Самиздат: [Регистрация] [Найти] [Рейтинги] [Обсуждения] [Новинки] [Обзоры] [Помощь|Техвопросы]
Ссылки:
Школа кожевенного мастерства: сумки, ремни своими руками
 Ваша оценка:

  Секрет
  
  
  Всё соделал Он прекрасным в своё время, и
   вложил мир в сердце их, хотя человек не может
   постигнуть дел, которые Бог делает, от начала
  до конца.
   Екклесиаст, 3:11
  
   Может быть, ещё наступит день, когда люди разгадают последнюю тайну. Наконец-то не останется ни одного секрета, не о чем будет писать статьи, нечем будет заниматься учёным, нечем будет удивить при встрече друга. Наступит долгожданный золотой век человечества.
   Не знаю, доживу ли я до этого дня. Надеюсь, что нет. Ведь самым большим секретом для меня остаётся человек: со всеми его мыслями, догадками, детскими и взрослыми страхами, смешными и серьёзными откровениями. И не только какой-то отвлечённый человек, но и я сам.
   Первый секрет у меня появился в шесть лет. Уверен, что секреты у меня были и до этого. Но какие? Это секрет для меня самого.
   Секрет появился потому, что пришло его время. Другие причины его появления мне не ясны и по сей день, хотя, может быть, опытный психолог и мог бы мне помочь. Но что толку. Не приставишь же к себе психолога, чтоб он объяснял все наши поступки и мысли, - ему и своею жизнью нужно жить.
   Не хочу, чтобы у вас сложилось впечатление, будто я был и остаюсь несмышлёнышем, который путается в своих мыслях, как малыш в развязавшихся шнурках. Я, конечно, кое-что прекрасно понимаю. Сейчас, например, понимаю гораздо больше, чем понимал в шесть лет. Но и в шесть лет понимал немало.

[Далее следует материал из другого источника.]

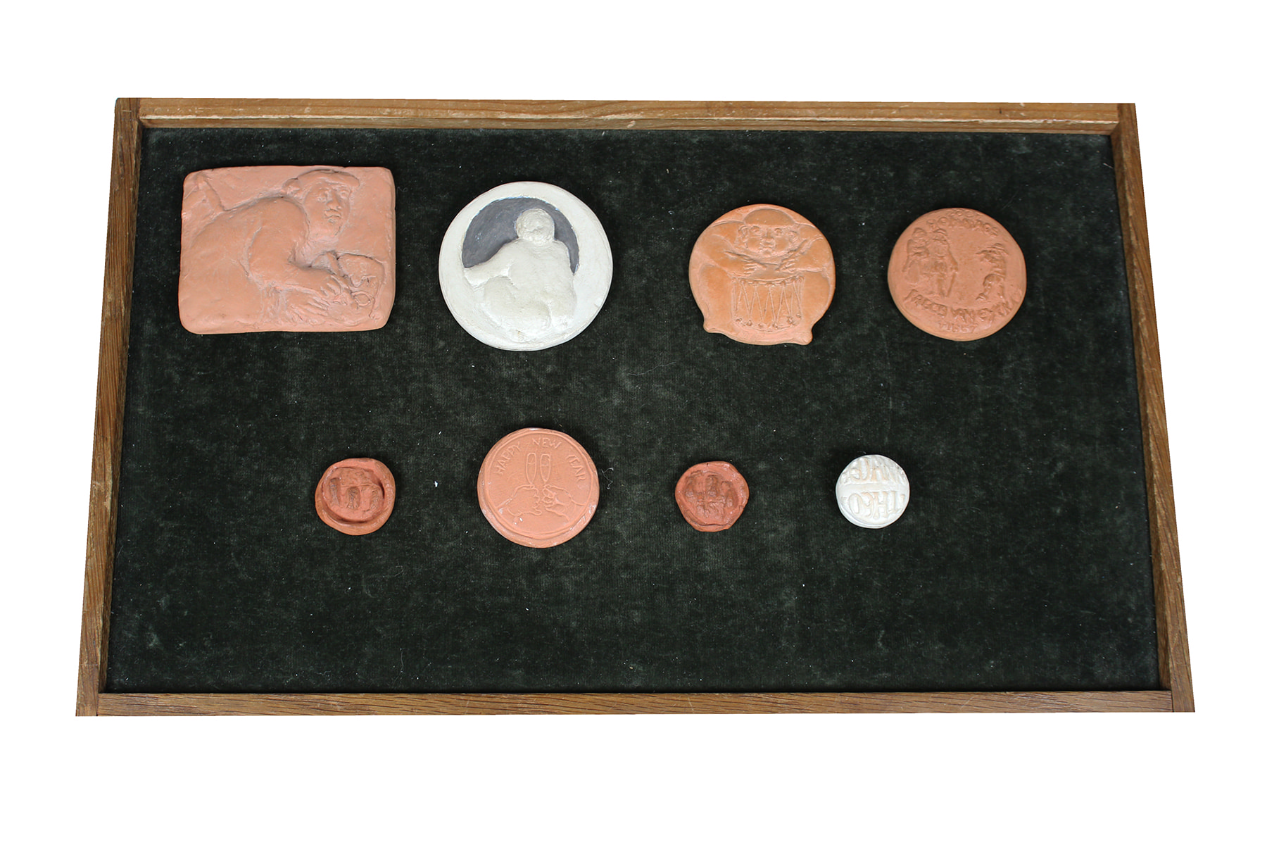 Doosje met acht terracotta penningen van Theo van de Vathorst; proeven, afgietsels en voorstudies. O.a. nieuwjaars penningen. Interessant studieobject.

   Своё понимание мира, как и подобает человеку разумному, я черпал из опыта, иногда горького. Например, в шесть лет я опытным путём установил, что существуют два типа луковиц - те, которые едят, и те, которые есть не следует.
  Съедобные луковицы мама покупала в магазине и на рынке. Но как только она уехала в командировку, оставив меня на попечение отца, я решил, что пришло время начать самому о себе заботиться.
   Я принёс домой из детского сада луковицу, которая давно привлекла моё внимание, - из клумбы перед нашим павильоном. Раньше я видел, как аппетитно папа ест лук с борщом, мне нравился хруст сочной луковицы на папиных зубах, мне казалось, что, поступая, как взрослый, я скорее становлюсь им.
   В тот вечер мы сели за ужин каждый со своей луковицей. Моему родителю и в голову не могло прийти начать расследование, где я раздобыл свою. Он, по своему обыкновению, был погружён в мысли. Я с гордостью сообщил ему, что сам откопал луковицу на детсадовской клумбе. Папа принял это известие к сведению. Он захрустел первым и стал покрякивать. Я разогнал ложкой капустные водоросли и отправил в рот первую четвертинку лука: "Сейчас и у меня захрустит на зубах, в носу сделается сквозняк, и я начну покрякивать". Не успел я крякнуть и одного раза, как меня стошнило. Папа очень удивился, бросил свою луковицу и побежал за подмогой к соседке, медсестре. Меня напоили марганцовкой, по цвету напоминавшую недоеденный борщ, и уложили спать раньше времени.
   Наутро папа пошёл со мной в детский сад. Он рассказал о вчерашней луковице, по приметам воспитательница опознала в ней луковицу тюльпана, которые были высажены недавно перед нашим павильоном.
   С тех пор я не ем луковиц с клумб.
   Конечно, этим мои открытия не ограничились. Например, многое о папином поведении я узнал, используя простой и доступный любому метод наблюдения и сравнения. Я хорошо знал, например, что, когда ключ не сразу попадает в замочную скважину, а некоторое время тычется в её окрестности, после чего устанавливается на непродолжительное время тишина, как будто ключ набирается сил, за дверью стоит папа - "пьяный, как Зюзя". Я, правда, не знал ни одного человека с таким диковинным именем. В нашем дворе не было ни одного Зюзи, был дядя Изя из пятого подъезда, но он никогда не напивался, только грозился. "Напьюсь, - говорил он своей жене, - как кацап, раз ты у меня такая дура". Я не знаю, был ли кацапом мой папа. Скорее всего, был, потому что мама его так иногда называла. И именно в те дни, когда у него возникали трудности с дверью.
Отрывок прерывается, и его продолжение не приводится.